I made a lift kit in exchange for some equipment storage with a good friend. Found some pictures online of the kit and just copied it but I added some ugly knurling on it just so they can get a grip on them. He will have to compress some fairly stiff springs to install. Pretty basic as they are installed under the springs on the shocks and keeps them from compressing the 2”. His butt rides it,not mine. The kit runs around 200.00 to 250.00. His was 50.00


----------



## brino (Jan 11, 2022)

When I added (my own home-brew) spacers to my truck springs, I got way too scared of using my original compression tools like this:



They were bending like an archers bow ... just too frightening....

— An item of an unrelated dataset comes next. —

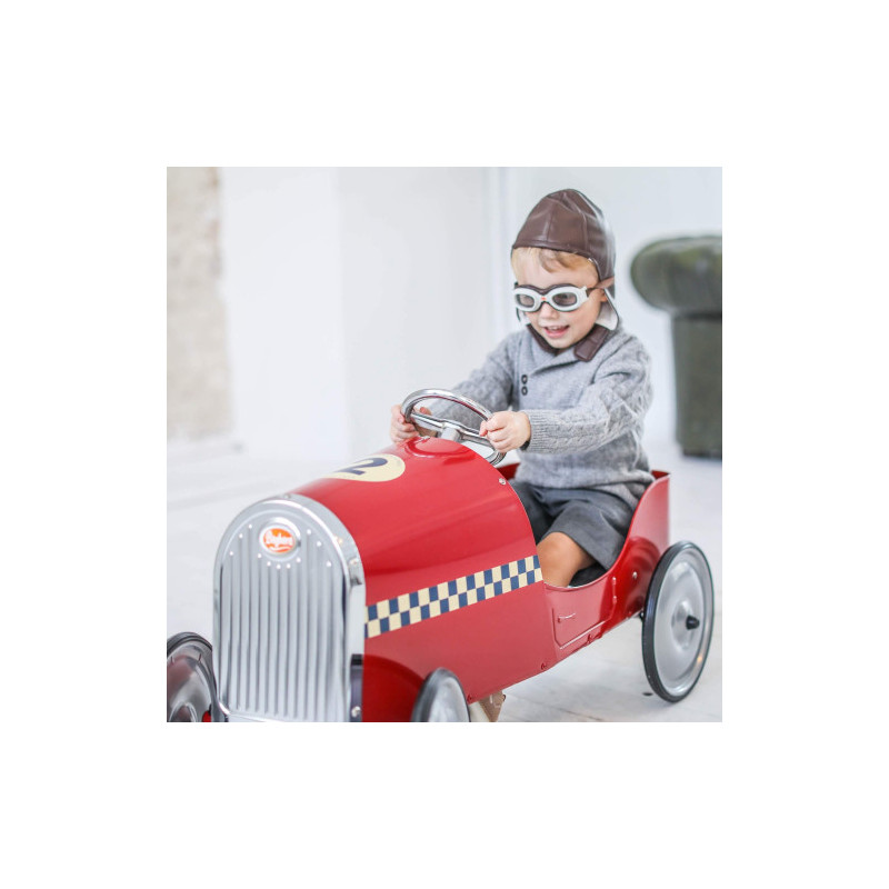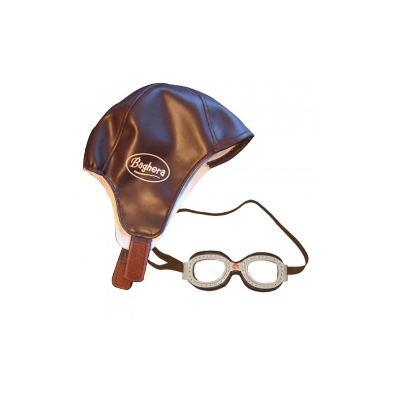 Häftigt racing kit för den fartfyllda färden på en Baghera sparkbil. Mössa med mjuk insida och kardborreband för bra passform. Glasögonen har en elastisk rem som gör att de passar barnet.

I upgraded to some more heavy-duty ones like this:



I finished the job with these, and felt safe and comfortable the whole time.

$200 vs. $35.....money very well spent!

Brian


----------



## vocatexas (Jan 11, 2022)

I hate working with coil springs. Those things can kill you if you aren't careful.


----------



## brino (Jan 11, 2022)

vocatexas said:


> I hate working with coil springs. Those things can kill you if you aren't careful.



Somewhere on here is a picture with a guy hiding behind a small steel plate while doing something dumb with wood-working clamps on an automotive coil spring. One of the "safety" threads.... the thought makes me shudder....

Brian


----------



## brino (Jan 11, 2022)

.....but not to derail this entire thread......

@Ski 

Your parts looks great!
I hope you got paid in $200 worth of beer, tools, etc.

Brian


----------



## Ski (Jan 11, 2022)

brino said:


> .....but not to derail this entire thread......
> 
> @Ski
> 
> ...


He stores 2 garden tractors,tiller leaf vac plus helps with wood working projects here and there. He made my drawers for 2 lathes. I fix stuff as we go along. All in all it is a good trade.


----------



## Ski (Jan 11, 2022)

brino said:


> Somewhere on here is a picture with a guy hiding behind a small steel plate while doing something dumb with wood-working clamps on an automotive coil spring. One of the "safety" threads.... the thought makes me shudder....
> 
> Brian


I was a  H.D. truck mech for quite awhile. Got a couple stories about coil springs! Sometimes you learn what not to do the hard way.


----------